The bike cuts a dashing figure with its slimmed and sculpted, but clearly muscular horizontally-opposed six cylinder engine, and one of the most significant changes is that it now has one throttle body for each cylinder, compared to it’s tourer sibling’s one on each bank of cylinders. There’s also a five LED headlight, with the lights arranged in a Y-shape, giving it an alien robot façade and with lots of matt-finished alloy, and a medusa-like tangle of three exhausts on each side, it really does look quite distinctive and nothing like anything that has been before it, from any manufacturer.

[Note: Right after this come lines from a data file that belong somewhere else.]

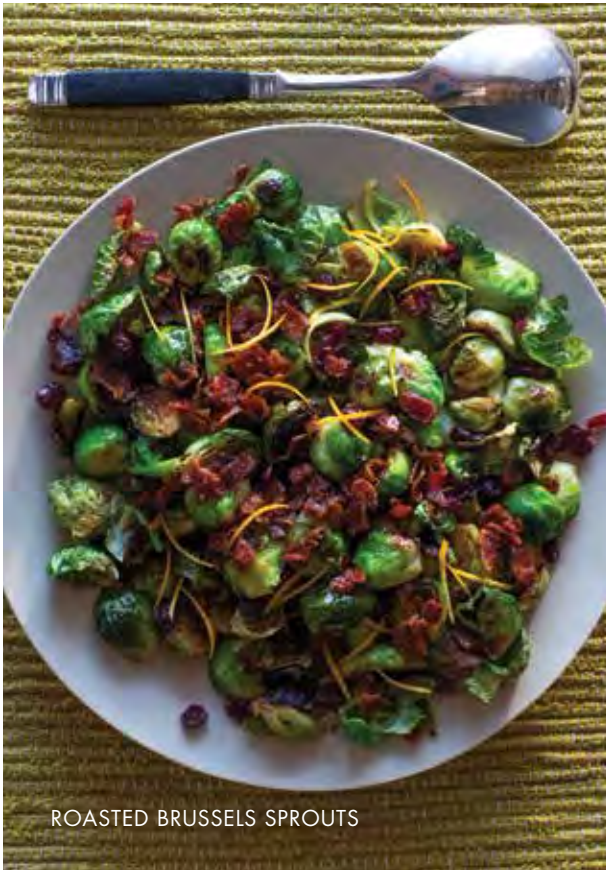
ROASTED BRUSSELS SPROUTS
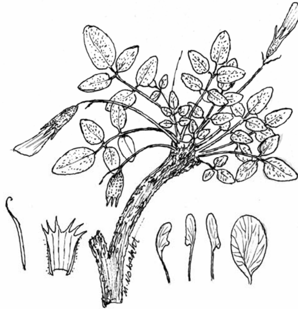
Fig. 2. Astragalus kalatehensis (natural size).

stipules and petioles. Stipules 10 mm long, triangular, adnate to the petiole for 5 mm, densely white hairy. Leaves 4 cm long; petiole 1.5 cm long, ca. 1 mm thick, rather densely white hairy. Basal leaves unifoliolate. Leaflets 2-3 pairs, ovate to elliptic, rounded at the base, acute to more rarely rounded at the apex, 5-14 mm long and 3-8.5 mm wide, loosely to rather densely hairy on both sides, often spotted with minute dark reddish dots. Peduncle 1 cm long, up to 0.4 mm thick, densely hairy. Raceme 2 flowered. Bracts narrowly ovate, acute, 2 mm long, covered with white hairs. Pediceles 2 mm long, flowers erect to spreading. Bracteoles filiform, ca. 3 mm long, at the base of calyx, permanent. Calyx 13 mm long, tubular, slightly gibbous at the base, obliquely cut at the mouth, loosely to densely covered with asymmetrically white medifixed hairs mixed with black ones; teeth subulate, 4 mm long,
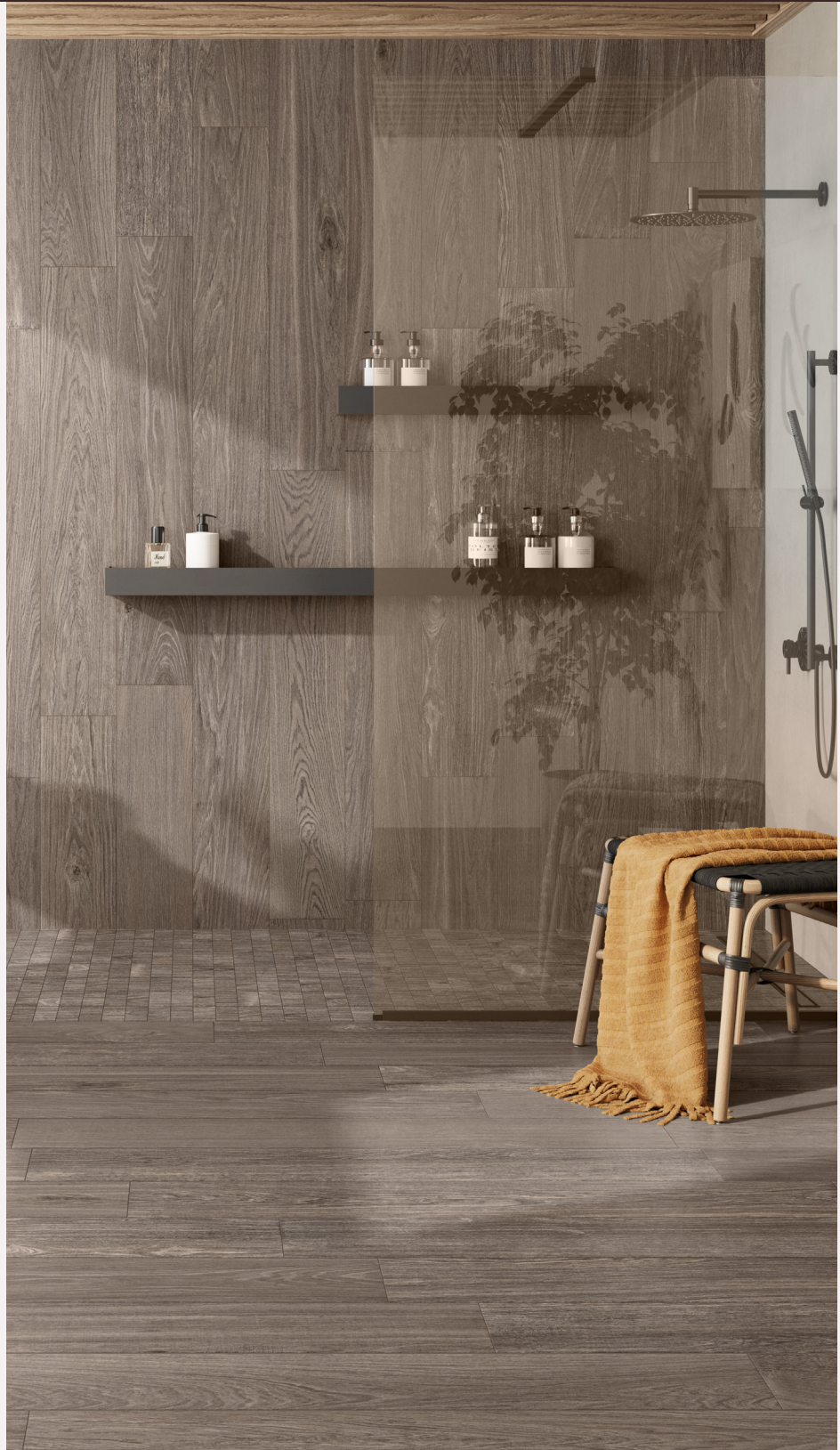
Floor: RR84405 ▶ Tea Time 8 x 48 UPS and

With Honda’s move to show a six cylinder machine at Tokyo, the trend is beginning to distinctly move towards six cylinder machinery on two-wheels. Suzuki’s six cylinder Stratosphere concept is not yet in production but isn’t far away, Benelli is apparently working on a V6 superbike, and rumours persist that BMW has a six cylinder touring machine in development.
The six cylinder configuration enjoyed a brief period of popularity in the seventies when Kawasaki built the humungously large Z1300 and Honda produced the delightfully balanced CBX, while Benelli added two cylinders to what was basically a Honda CB500 motor to produce the Benelli Sei. All ultimately failed in the market and Honda’s Gold Wing has been the only six cylinder machine on the market for some time.

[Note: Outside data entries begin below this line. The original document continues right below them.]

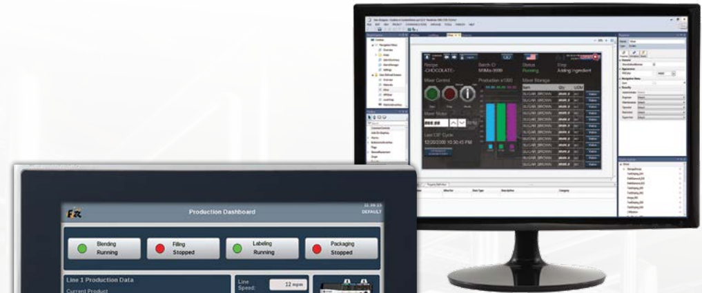
Studio 5000 View Designer Software
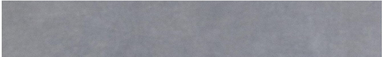
UHPC DARK GREY
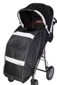
Sun and rain cover with leg blanket (shown on size 1)
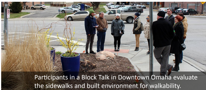
Participants in a Block Talk in Downtown Omaha evaluate the sidewalks and built environment for walkability.

MAPA's Heartland 2050 regional vision project hosted three "Block Talks" during April to help residents assess the walkability of their neighborhoods and offer suggestions on changes they would like to see made to the physical environment to improve access for pedestrians. The Block Talks are part of the ongoing revitalization of 13th Street, which includes a walkability study conducted by the City of Omaha.
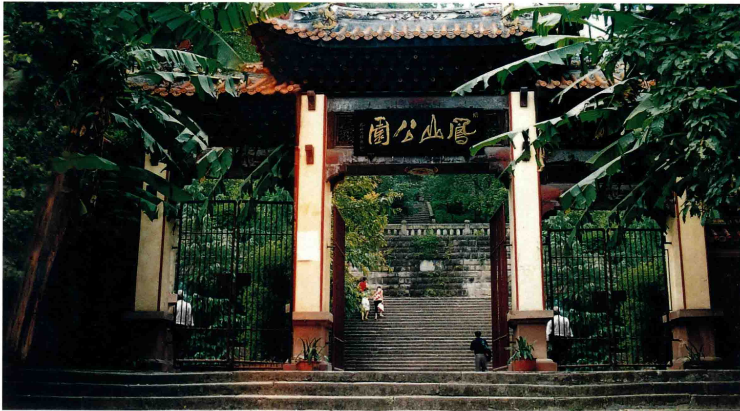
凤山公园 Fengshan Park

Several other machines are slated to go on show with the EVO6 in Tokyo, including two variations on an air-cooled CB1100R machine with distinctly retro styling - one harking back to the endurance racers of a quarter century ago, and the other somewhere between the original CB750 of 1969 (the original superbike) and the CB400 which launched a thousand racing careers. There's also an all-new Forza Z scooter, though no details have been released.